Fox Battles TVEyes Over News Clips

Television monitoring company TVEyes' practice of allowing users to share and download clips could “destabilize” the broadcast network's digital distribution efforts, Fox News argues in new court papers.

Fox “has worked to build an extensive online and digital presence that heavily relies on video clips of its television content,” the company says in papers that were made available on Wednesday. The network adds that TVEyes' downloads “threaten to destabilize that evolution by sidestepping the television news channels and providing the channels' content directly to TVEyes' subscribers as unlimited high quality, high definition video clips.”

Fox, which sued TVEyes in 2013, is asking U.S. District Court Judge Alvin Hellerstein in Manhattan to rule that TVEyes infringes copyright by letting users download and share clips.

Last September, Hellerstein ruled that TVEyes makes fair use of Fox News Network's material by indexing news clips and providing snippets of them to subscribers. But he didn't rule at the time on whether TVEyes also is protected by fair use when it lets people download or share clips.

TVEyes enables subscribers to its $500-a-month service to search for television programs by keywords, view snippets and download and share clips. To accomplish this, TVEyes records every program broadcast on more than 1,400 TV and radio stations.

Hellerstein said in September that the indexing and clipping service was “transformative,” and therefore a fair use, because it serves a different function from the original broadcasts.
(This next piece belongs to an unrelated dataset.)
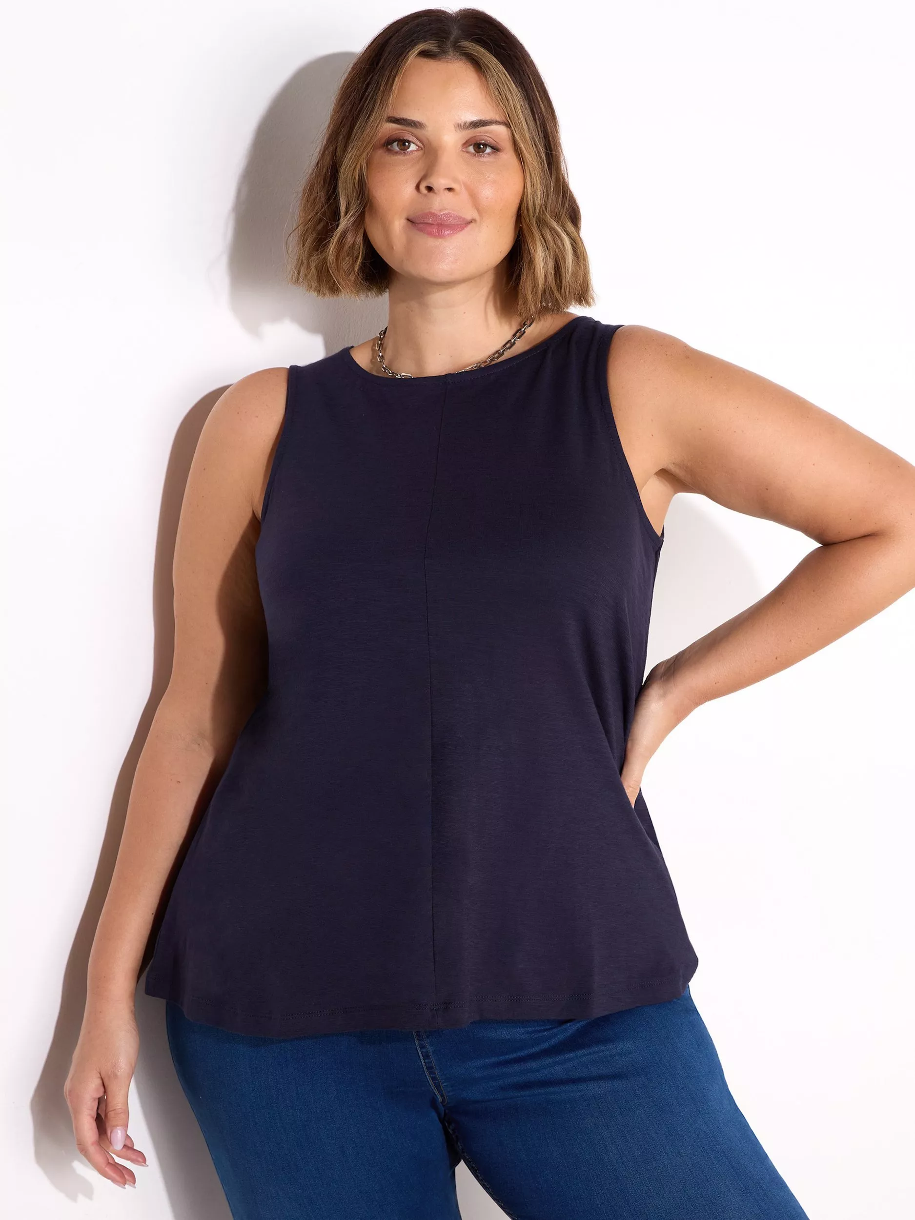 Cut from a textured cotton slub jersey this vest is a wardrobe staple and one that you'll want to wear for years to come. It has a flattering round neckline and the sleeveless design offers a gorgeous silhouette for this vest. It slips on so easily over your head and looks great styled with any leggings or jeggings depending on the look you want to create.

He pointed out in the ruling that TVEyes' subscribers include the White House and U.S. Army.

For its part, TVEyes argues that its download and sharing features are essential to the service. “Allowing subscribers to save, email and download these clips is fair because these functions are necessary to effectively research and monitor television broadcasts,” the company says in a motion for summary judgment made available on Wednesday.

“Without the ability to save clips, journalists and political campaigns could not compare and contrast statements made on television today with those made six months ago,” the company says. “Without the ability to download, business executives could not view clips off-line when an Internet connection is not available.”

Other TV news broadcasters, including CNN, CBS and NBCUniversal recently filed a friend-of-the-court brief supporting Fox's position. The news organizations argue that copying, storing and offering downloads of news clips, in order to offer a commercial service, is not a fair use.

On the other side, a coalition including The Nation's former editor and publisher Victor Navasky, The Nation columnist Eric Alterman, media company Brave New Films and media-watch group Fairness and Accuracy in Reporting supports TVEyes.

“Absent the mass digitization of television content, there is no feasible way for media critics to capture and present a comprehensive view of all of the content being broadcast to the news-consuming public,” those groups argued in a friend-of-the-court brief.